"Aujourd'hui, les films indonésiens ou cambodgiens se vendent à l'international. Mais ici, la qualité n'est pas encore là", regrette Arkar Win, 29 ans.
Il a donné un coup de pied dans la fourmilière avec son film d'aventures "Mystery of Burma", qui s'est trouvé en tête du box-office birman en 2018. Courses de voitures, chasse au trésor façon Indiana Jones... des scènes que les Birmans n'avaient pas l'habitude de voir dans leurs productions locales, souvent tournées à la va-vite.
Le jeune réalisateur s'apprête à sortir un nouveau film - de fantômes - et vient de réaliser une série pour le groupe Canal+ en Birmanie sur un jeune combattant de Lethwei (boxe birmane), sport national.

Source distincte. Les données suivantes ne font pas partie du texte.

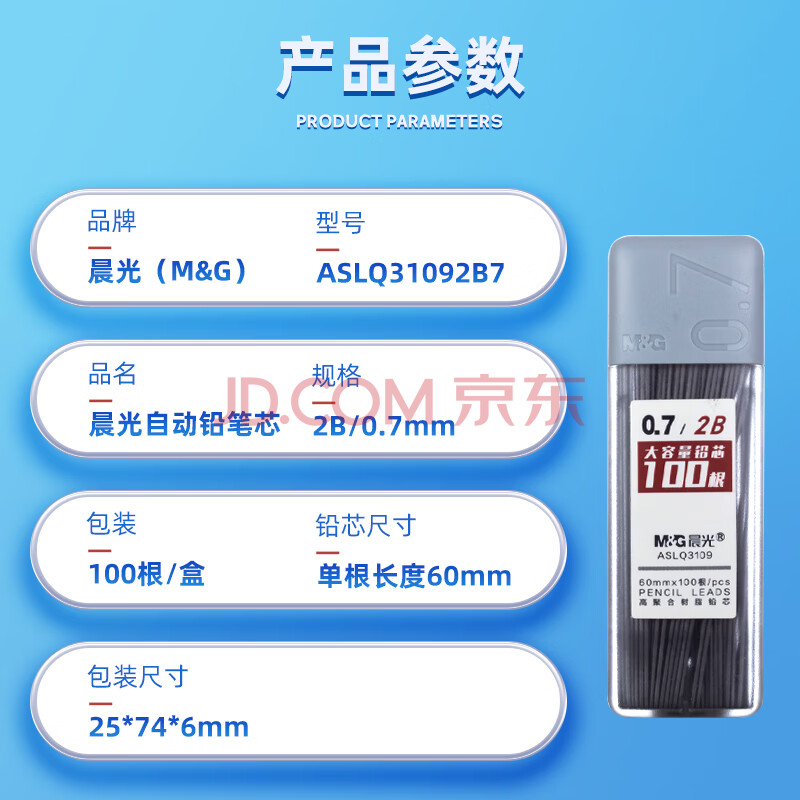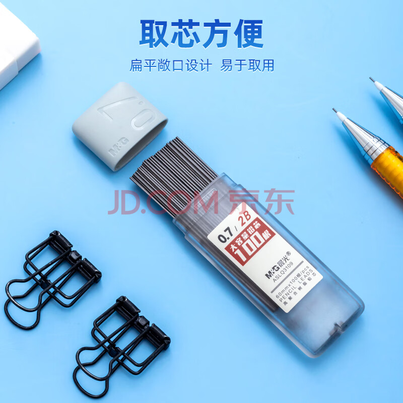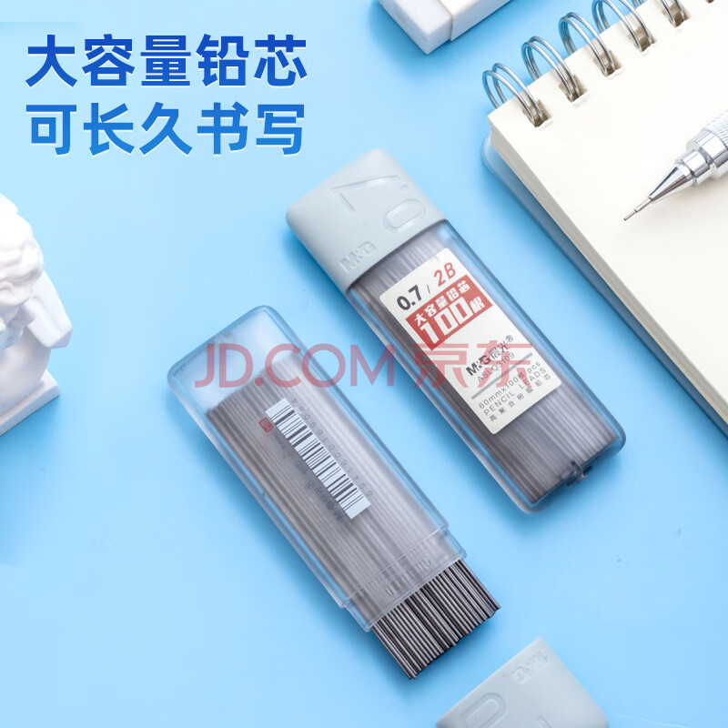 商品相册:晨光(M&G)文具2B/0.7mm自动铅笔替芯 树脂铅芯 考试铅笔芯 100根/盒 单盒装ASLQ31092B7考试必备第

Mais avant d'en arriver là, cet ingénieur en télécommunications,qui a appris sur le tas pendant des tournages à Singapour, a dû former entièrement ses équipes. Il y a bien une "Yangon Film School" (Ecole du film de Rangoun), mais elle est plutôt orientée vers les documentaires et manque de moyens.
Studios neufs ?
Le gouvernement d'Aung San Suu Kyi envisage de créer des studios et une vraie école de cinéma à Naypyidaw, la capitale administrative birmane.
Un immense terrain a certes déjà été attribué au projet et une délégation du ministère de l'Information s'est rendue en voyage d'étude en avril dans un grand studio de cinéma en Chine.
Mais pour l'heure les budgets manquent. Et l'époque dorée du cinéma birman, avant la prise de pouvoir de la junte dans les années 1960, est loin d'être de retour malgré la production de 160 films en 2018; seule une poignée d'entre eux s'approche des critères internationaux.
Le seul réalisateur birman un peu connu, Midi Z, sélectionné à Cannes cette année dans la catégorie "Un certain regard", vit depuis des années à Taïwan.
Et "The monk", du réalisateur The Maw Naing, sélectionné au festival de Locarno en 2016, fait figure d'exception. Mais il n'est pas sorti en salles en Birmanie...
Christina Kyi, l'autre révélation de l'année 2018 en Birmanie avec son film "Mudras calling", fait les frais du retard du cinéma birman. "Au début j'ai pensé que ce serait plus facile de travailler ici que d'aller à Hollywood, mais ce n'est pas simple", explique la jeune réalisatrice, diplômée d'une école de cinéma de New York.
Pas de casting, pas de repérages
A son retour en Birmanie, Christina Kyi a découvert que la notion de casting n'existait pas dans ce pays, et que la pré-production et tous les repérages sur le terrain en amont du tournage n'étaient qu'une vague notion.
"La plupart des acteurs ici font jusqu'à vingt films par an. Avec moi, ils savent qu'ils vont devoir travailler pendant six mois" et prendre des cours pour apprendre à ne plus surjouer, dit-elle.
Canal+ ne s'y est pas trompé et a acheté les droits des films d'Arkar Win et Christina Kyi pour son bouquet de chaînes lancé en 2018 en Birmanie. L'ambition de Julien Badon, de Canal+ Birmanie, est d'"aider ce pays à voir ses premières séries vendues à l'international".
La cheffe de facto du gouvernement birman Aung San Suu Kyi a exhorté le cinéma birman à utiliser son "soft power" à l'international pour changer l'image de la Birmanie en promouvant celle d'un pays "pacifique, uni et développé", lors de son discours en mars aux Myanmar Motion Picture Academy Awards -- ces Oscars birmans récompensent jusqu'à présent plutôt la vieille garde du cinéma et restent hostiles aux nouveaux talents.
Sauter le pas
Le chemin s'annonce toutefois encore long.
Les coproductions restent rarissimes et le mastodonte américain du streaming Netflix préfère travailler avec des équipes basées dans des pays à l'industrie cinématographique plus mature comme la Thaïlande.
Les producteurs hongkongais du film d'action "Line Walker" ont cependant sauté le pas cette année, tournant la suite de leur blockbuster dans les rues de Rangoun.
"Nous devons trouver notre propre langage. C'est difficile, cela prend du temps. Il faudrait qu'un réalisateur birman émerge enfin sur la scène internationale", analyse Aung Phyoe, lauréat 2017 du concours de scénario du festival Memory, qui s'est tenu plusieurs fois à Rangoun et est destiné à faire émerger de nouveaux talents cinématographiques.
Aung Phyoe a lui aussi été formé à l'étranger, en Inde dans une école de cinéma à Bombay, la capitale de "Bollywood".
Un autre jeune réalisateur birman, Maung Su, vient de financer lui-même son premier long métrage, avec 100.000 dollars d'économies amassées dans l'animation à Singapour. L'histoire: un réalisateur va jusqu'à braquer une banque pour financer son film.